RECORDS FOR THIS TASK:
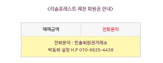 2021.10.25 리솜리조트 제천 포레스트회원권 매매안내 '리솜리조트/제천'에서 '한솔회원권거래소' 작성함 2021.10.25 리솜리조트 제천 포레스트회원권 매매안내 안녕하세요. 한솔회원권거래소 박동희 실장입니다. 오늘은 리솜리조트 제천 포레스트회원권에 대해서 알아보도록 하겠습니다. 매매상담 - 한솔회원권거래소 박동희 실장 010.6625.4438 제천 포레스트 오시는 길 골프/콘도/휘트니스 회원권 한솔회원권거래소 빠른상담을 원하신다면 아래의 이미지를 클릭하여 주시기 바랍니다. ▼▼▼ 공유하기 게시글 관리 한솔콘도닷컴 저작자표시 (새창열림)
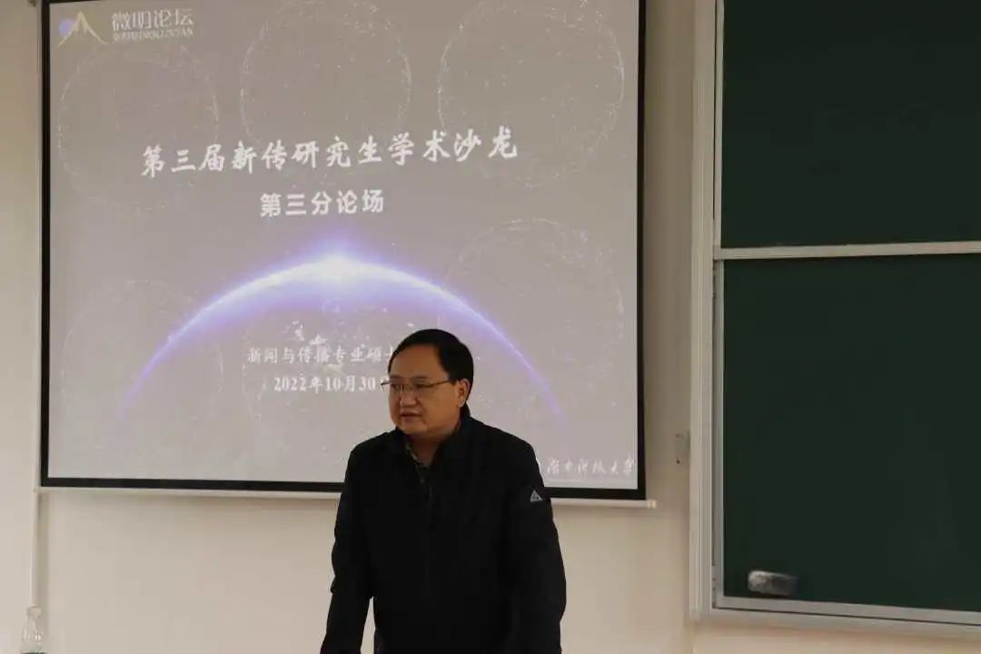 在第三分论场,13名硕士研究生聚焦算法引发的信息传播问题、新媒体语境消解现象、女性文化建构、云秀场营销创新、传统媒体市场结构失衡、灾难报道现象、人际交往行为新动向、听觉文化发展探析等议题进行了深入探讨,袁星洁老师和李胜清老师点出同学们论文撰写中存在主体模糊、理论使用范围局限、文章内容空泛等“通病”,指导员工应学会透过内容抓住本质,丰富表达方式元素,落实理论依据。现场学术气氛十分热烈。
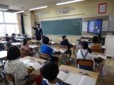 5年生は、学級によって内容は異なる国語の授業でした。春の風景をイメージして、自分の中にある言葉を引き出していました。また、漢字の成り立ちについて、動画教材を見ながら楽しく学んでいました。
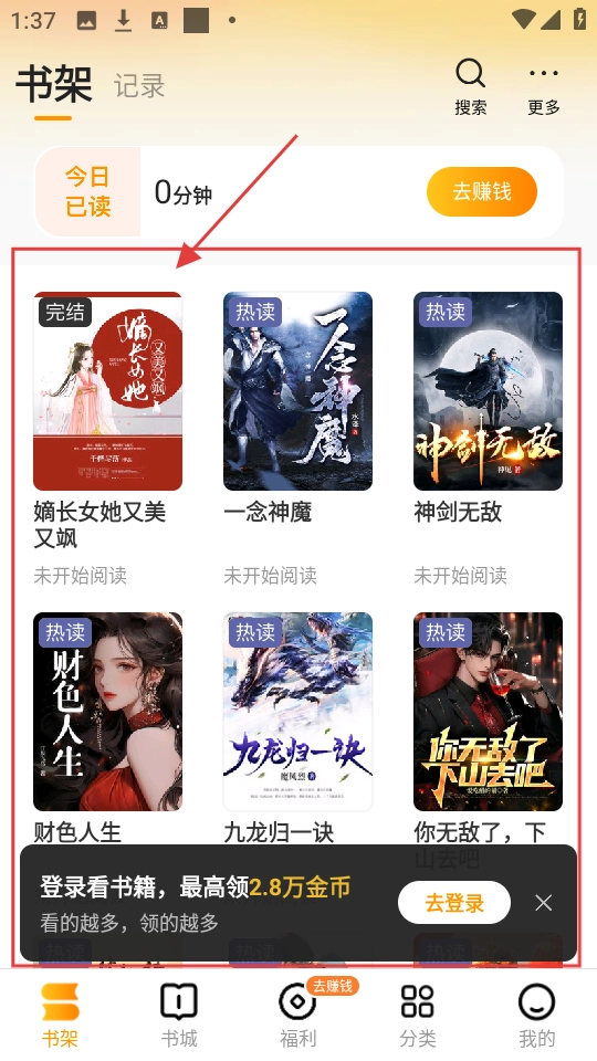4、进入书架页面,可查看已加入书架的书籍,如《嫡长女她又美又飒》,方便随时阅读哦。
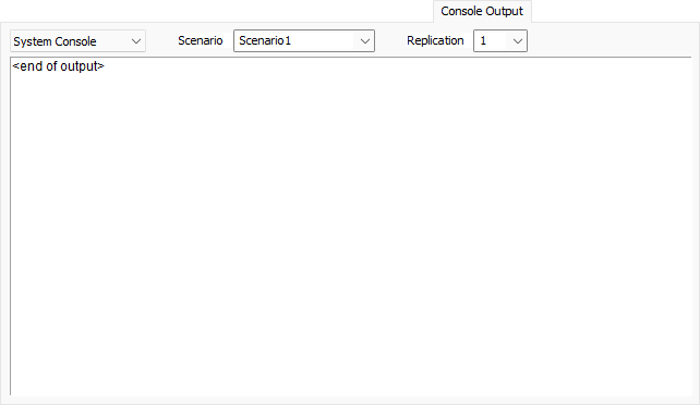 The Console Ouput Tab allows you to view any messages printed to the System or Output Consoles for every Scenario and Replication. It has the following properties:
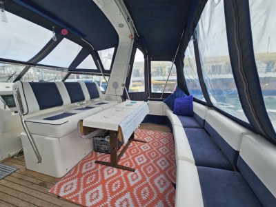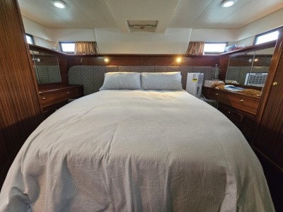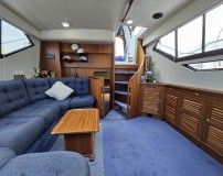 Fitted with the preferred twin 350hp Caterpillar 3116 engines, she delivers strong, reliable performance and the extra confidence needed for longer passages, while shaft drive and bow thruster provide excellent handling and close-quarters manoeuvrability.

WORK REQUEST: All of the data above needs to be retyped exactly, with the pictures removed.

EXPECTED OUTPUT:
 2021.10.25 리솜리조트 제천 포레스트회원권 매매안내 '리솜리조트/제천'에서 '한솔회원권거래소' 작성함 2021.10.25 리솜리조트 제천 포레스트회원권 매매안내 안녕하세요. 한솔회원권거래소 박동희 실장입니다. 오늘은 리솜리조트 제천 포레스트회원권에 대해서 알아보도록 하겠습니다. 매매상담 - 한솔회원권거래소 박동희 실장 010.6625.4438 제천 포레스트 오시는 길 골프/콘도/휘트니스 회원권 한솔회원권거래소 빠른상담을 원하신다면 아래의 이미지를 클릭하여 주시기 바랍니다. ▼▼▼ 공유하기 게시글 관리 한솔콘도닷컴 저작자표시 (새창열림)
 在第三分论场,13名硕士研究生聚焦算法引发的信息传播问题、新媒体语境消解现象、女性文化建构、云秀场营销创新、传统媒体市场结构失衡、灾难报道现象、人际交往行为新动向、听觉文化发展探析等议题进行了深入探讨,袁星洁老师和李胜清老师点出同学们论文撰写中存在主体模糊、理论使用范围局限、文章内容空泛等“通病”,指导员工应学会透过内容抓住本质,丰富表达方式元素,落实理论依据。现场学术气氛十分热烈。
 5年生は、学級によって内容は異なる国語の授業でした。春の風景をイメージして、自分の中にある言葉を引き出していました。また、漢字の成り立ちについて、動画教材を見ながら楽しく学んでいました。
4、进入书架页面,可查看已加入书架的书籍,如《嫡长女她又美又飒》,方便随时阅读哦。
 The Console Ouput Tab allows you to view any messages printed to the System or Output Consoles for every Scenario and Replication. It has the following properties:
 Fitted with the preferred twin 350hp Caterpillar 3116 engines, she delivers strong, reliable performance and the extra confidence needed for longer passages, while shaft drive and bow thruster provide excellent handling and close-quarters manoeuvrability.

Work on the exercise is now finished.